Education was transformed dramatically over the last two years as schools struggled to meet the demands of distance learning. Now that the worst of the pandemic may be over, PE Hub asked Dani Forman, Axial’s director of research, why PE firms are still interested in the sector.
The education industry “checks a lot of the PE investable-asset checkboxes,” he said. “For starters, it is non-cyclical, often produces recurring revenue and has predictable expenditures and cashflows. The last two years have driven a lot of innovation in the space as schools and other educational institutions had to grapple with operating during lockdowns. Private equity investors have taken notice of that innovation and the expanding educational market that came as a result, providing the capital necessary to fuel growth.”
He noted that over the last 24 months, deals in the education sector marketed via Axial’s platform have run the full spectrum of sub-sectors, ranging from traditional schools to vocational programs, edtech and more.
“One particularly interesting sub-vertical within the broader educational space is training services and technology companies,” he said. “A few specific examples of Axial-marketed deals include training schools for airplane, helicopter and drone pilots, a cannabis career school, and FBA (Fulfillment by Amazon) certification companies for the growing hordes of Amazon entrepreneurs. We see these training programs being driven by the tailwinds of a more entrepreneurial workforce, enabled by technology. The private equity community has taken notice and has shown a keen interest in getting involved.”

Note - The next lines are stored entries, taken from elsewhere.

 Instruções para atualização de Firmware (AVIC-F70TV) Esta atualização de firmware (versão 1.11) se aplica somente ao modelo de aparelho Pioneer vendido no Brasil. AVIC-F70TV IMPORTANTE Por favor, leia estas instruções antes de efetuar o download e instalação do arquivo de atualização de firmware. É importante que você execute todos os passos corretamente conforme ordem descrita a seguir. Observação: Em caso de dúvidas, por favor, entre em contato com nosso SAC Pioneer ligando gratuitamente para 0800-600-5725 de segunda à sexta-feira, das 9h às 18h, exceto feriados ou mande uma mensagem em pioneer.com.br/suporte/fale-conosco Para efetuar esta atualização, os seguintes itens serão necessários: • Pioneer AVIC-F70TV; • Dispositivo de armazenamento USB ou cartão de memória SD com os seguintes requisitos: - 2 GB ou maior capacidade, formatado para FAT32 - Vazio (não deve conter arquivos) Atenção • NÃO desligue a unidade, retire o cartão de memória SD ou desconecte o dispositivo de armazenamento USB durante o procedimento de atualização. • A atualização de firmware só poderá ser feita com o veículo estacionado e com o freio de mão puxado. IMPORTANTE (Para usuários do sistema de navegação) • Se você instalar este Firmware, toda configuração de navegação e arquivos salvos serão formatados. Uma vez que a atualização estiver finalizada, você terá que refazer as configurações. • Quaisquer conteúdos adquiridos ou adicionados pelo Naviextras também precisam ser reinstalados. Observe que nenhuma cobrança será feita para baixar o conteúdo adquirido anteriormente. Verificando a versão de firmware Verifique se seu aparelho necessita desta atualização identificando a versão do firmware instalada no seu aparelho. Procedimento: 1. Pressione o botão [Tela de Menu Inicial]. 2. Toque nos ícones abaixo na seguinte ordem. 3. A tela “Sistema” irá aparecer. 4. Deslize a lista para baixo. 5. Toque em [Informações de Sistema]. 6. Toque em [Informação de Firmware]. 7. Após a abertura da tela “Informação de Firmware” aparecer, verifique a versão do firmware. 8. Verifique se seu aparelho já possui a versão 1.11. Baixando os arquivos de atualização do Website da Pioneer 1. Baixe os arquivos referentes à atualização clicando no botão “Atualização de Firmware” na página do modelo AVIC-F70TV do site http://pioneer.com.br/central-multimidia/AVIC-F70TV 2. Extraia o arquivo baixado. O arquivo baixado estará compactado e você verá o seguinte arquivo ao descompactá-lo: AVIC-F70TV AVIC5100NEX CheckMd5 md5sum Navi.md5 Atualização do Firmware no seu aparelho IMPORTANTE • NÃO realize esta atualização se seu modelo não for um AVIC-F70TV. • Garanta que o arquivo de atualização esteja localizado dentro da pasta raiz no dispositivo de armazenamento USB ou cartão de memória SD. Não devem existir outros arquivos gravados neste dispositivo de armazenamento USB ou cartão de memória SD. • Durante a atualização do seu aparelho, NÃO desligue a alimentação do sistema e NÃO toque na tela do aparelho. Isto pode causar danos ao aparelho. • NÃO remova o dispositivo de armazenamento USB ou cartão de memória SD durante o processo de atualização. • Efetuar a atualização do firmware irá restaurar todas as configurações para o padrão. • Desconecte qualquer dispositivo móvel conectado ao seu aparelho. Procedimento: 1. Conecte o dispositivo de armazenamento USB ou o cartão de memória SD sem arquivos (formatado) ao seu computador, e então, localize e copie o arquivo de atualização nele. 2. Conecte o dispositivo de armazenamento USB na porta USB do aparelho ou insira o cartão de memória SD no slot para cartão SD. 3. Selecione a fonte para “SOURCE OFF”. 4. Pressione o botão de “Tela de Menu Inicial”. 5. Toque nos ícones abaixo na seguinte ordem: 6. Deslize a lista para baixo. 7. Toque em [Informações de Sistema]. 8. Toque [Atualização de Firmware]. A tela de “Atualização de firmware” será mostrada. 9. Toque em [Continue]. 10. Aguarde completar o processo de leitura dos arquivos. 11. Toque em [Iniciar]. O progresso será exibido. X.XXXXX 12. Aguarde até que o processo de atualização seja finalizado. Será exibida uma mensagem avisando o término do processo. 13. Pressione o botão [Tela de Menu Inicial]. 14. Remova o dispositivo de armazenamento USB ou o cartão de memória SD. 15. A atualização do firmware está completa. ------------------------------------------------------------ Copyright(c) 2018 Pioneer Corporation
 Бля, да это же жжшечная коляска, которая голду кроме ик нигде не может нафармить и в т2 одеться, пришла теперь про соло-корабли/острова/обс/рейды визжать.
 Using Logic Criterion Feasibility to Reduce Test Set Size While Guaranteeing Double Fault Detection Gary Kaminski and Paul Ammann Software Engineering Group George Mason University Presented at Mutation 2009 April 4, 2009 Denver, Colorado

Axial is a private deal platform for professionals who own, advise and invest in North American lower-middle-market businesses. Last year, Axial developed a new tool to measure interest among its members, and education stood out as the sector garnering the highest rate of interest among buyers.
The new metric is called the pursuit rate, and it is designed to complement existing data that buyers and sellers of lower-middle-market businesses traditionally rely upon, namely deal volume and EBITDA multiples. This pursuit rate tracks buyer interest in available assets as soon as a deal goes to market on the Axial network.
So why did the education sector garner the highest pursuit at 22.52 percent? (The next closest was the financial services sector at 20.49 percent).
“One hypothesis is a simple discrepancy between supply and demand,” Forman said. “There are simply more buyers interested in education than there are deals in the space. Scarcity, relative to supply, does generally translate into higher pursuit rates among buyers targeting that space.”
He noted that the pursuit rate is akin to a Nielsen rating. It tracks the targets that prospective buyers are “watching” and increases as interested parties request additional information. If NDAs, IOIs and LOIs reflect the progression of interest among dealmakers, the pursuit rate offers insights into the very first impulses of prospective buyers.
“In looking at the education deals marketed via Axial that were above the 15 percent index, there was a tilt toward ‘edtech’ versus more traditional childcare and schools,” he said. “While all the data presented in our Pursuits Report is anonymized and confidential, I can share that one recently marketed education information and software company had a 53.85 percent pursuit rate, meaning more than half of the prospective buyers and investors who were offered the opportunity to review the deal indicated that they were interested in taking a closer look.”